I Took a DNA Test to Find Long-Lost Relatives in America. I Found a Sister Instead

I Took a DNA Test to Find Long-Lost Relatives in America. I Found a Sister Instead

I have always known I had relatives in America. Two of my great-grandmother’s brothers emigrated from Sweden to the United States in the early 1900s, and that branch of the family had always felt just out of reach. When a relative recently managed to make some contact with the American side, I became keen to try for myself. So in the autumn of 2025, I ordered a DNA test from MyHeritage and sent in my sample, expecting to find a name from that missing branch — a cousin, perhaps, or a grandchild of those two brothers.

I was not prepared for what I found instead.

An unexpected DNA Match

The results arrived in early November. It was a Sunday morning when the email came from MyHeritage. The first thing it showed me was my ethnicity breakdown: 37% Balkan.

My whole life, based on everything my mother had told me, I had believed my father was Danish. I had carried that without question — until this number on a screen made me begin to wonder.

But that was only the beginning. When I went further and looked at my DNA Matches, the very first result at the top of the list was: half-sister.

A half-sister DNA Match

A half-sister DNA Match

Then my heart started racing. I became so nervous and worked up that I couldn’t think quite clearly.

Somewhere out there was a woman who shared a father with me. A father I had never known.

“Can we call?”

I sent her a message through MyHeritage. Her reply came quickly: Can we call? And so we did.

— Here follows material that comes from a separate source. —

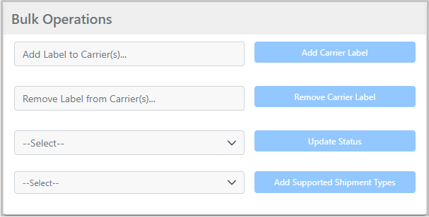 Add Carrier Labels – Enter a label → click Add → applied to all selected carriers (if not already present).

Her name is Suzanna — she goes by Sanna — and she lives just a few hours away in Beddingestrand, in Skåne. She took a DNA test 3 years earlier, a birthday gift from her daughter. She hadn’t expected this either.

She told me that when she saw the subject line of my message — Hello, my name is Eva and we’re half-sisters — she was in complete shock. And then she told me something remarkable. When she was 24, she visited a medium who told her she had a sister. She hadn’t believed it at the time. The medium had said the sister would “knock on her door” when she was older.

40 years later, I knocked.

The same village, the same streets

We met for the first time on December 13, 2025, and it clicked instantly.

Eva and Sanna meeting for the first time

Eva and Sanna meeting for the first time

We are so incredibly alike — in the way we think, in our humor, in our spontaneity.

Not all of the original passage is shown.